November 16, 2005: 8:45 AM EST

NEW YORK (CNN/Money) - Stocks futures turned slightly higher Wednesday morning after an unexpected rise in consumer prices.

At 8:30 a.m. ET, U.S. stock futures were mixed, although a comparison to fair value indicated a flat to slightly higher opening for stocks.

Consumer prices unexpectedly rose 0.2 percent in October despite a dip in energy prices as the cost of housing notched the largest increase in nearly five years, according to a government report.

Excluding food and energy costs, prices increased 0.2 percent, the Labor Department said.

Economists surveyed by Briefing.com had forecast that the overall reading on retail prices will come in unchanged for October following a 1.2 percent jump in September due to soaring energy costs. But the closely watched core CPI, which excludes food and energy prices, was seen rising 0.2 percent after a 0.1 percent increase in September.

On Tuesday, the overall Producer Price Index, which measures prices at the wholesale level, came in well above forecasts, while the core PPI showed an unexpected fall in prices outside of food and energy.
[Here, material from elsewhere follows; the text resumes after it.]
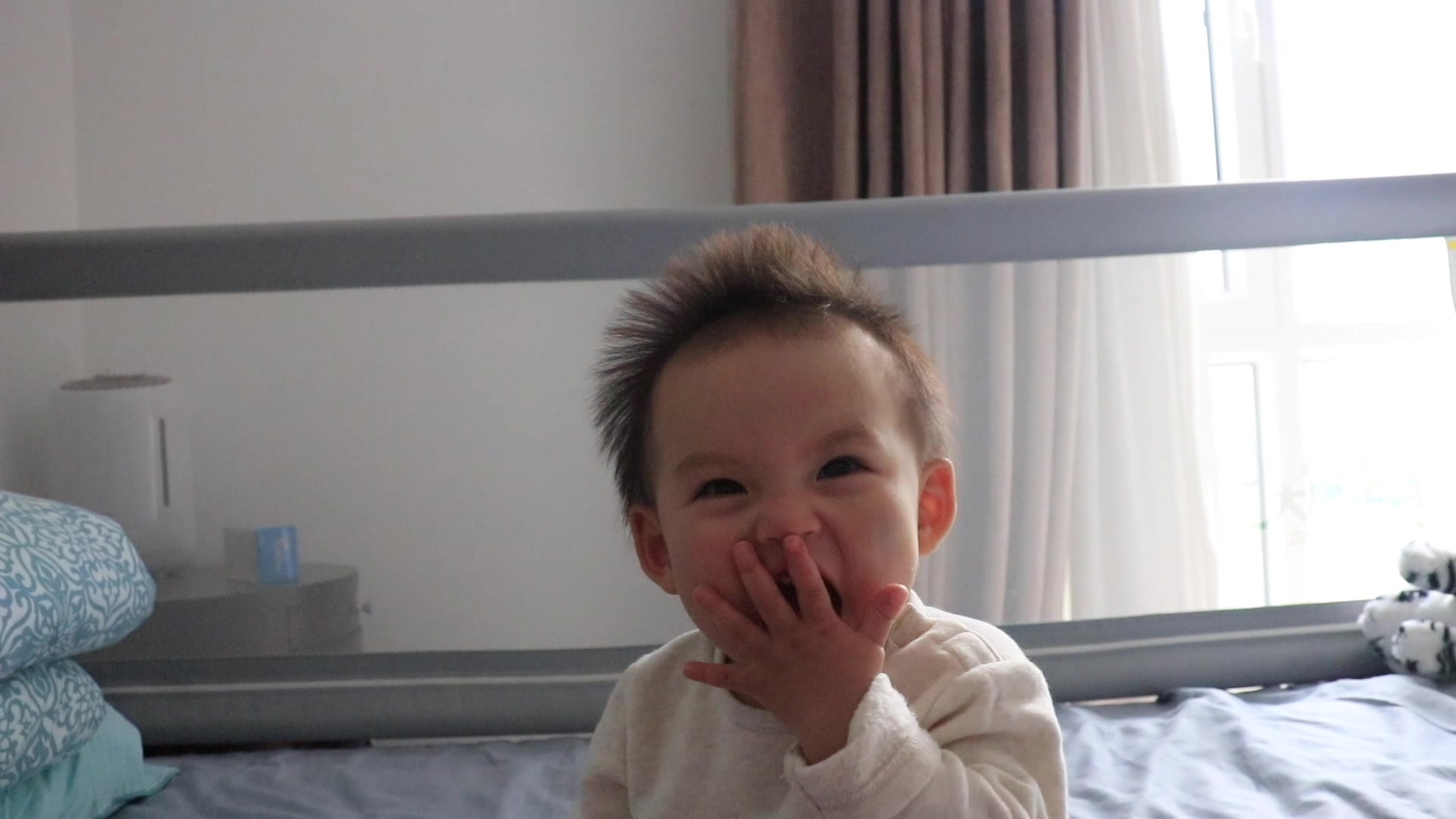 ลูกมนุษย์ตัวน้อยที่พยายามเรียกร้องความสนใจจากคุณแม่หลังตื่นนอน

Oil prices were slightly lower and below the $57 benchmark in early trading Wednesday, ahead of the inventory report that is expected to show increased supplies in the face of continued unseasonably warm weather in the Northeast.

The December light crude futures contract for NYMEX lost 16 cents to $56.82 a barrel in electronic trading, while the January contract for Brent crude fell 21 cents to $54.97.

Major markets in Asia closed mostly higher Tuesday as Japan's Nikkei closed at its highest level since May 2001 and Seoul's Kospi hit a record high. But major European markets were lower in early trading.

Treasury prices rose, lowering the yield on the 10-year note to 4.53 percent from 4.55 percent late Tuesday. The dollar gained ground against on the euro and the yen.

In corporate news, the Wall Street Journal reported that Yahoo! (Research), Time Warner's (Research) America Online and Microsoft's (Research) MSN, along with other leading Web sites, are selling out ad space far in advance, allowing them to win big rate increases going forward. CNN/Money is also a unit of Time Warner.

The New York Times reported that investment bank Morgan Stanley (Research) is preparing to fire as many as 22 managing directors in the coming days in a cost-cutting move.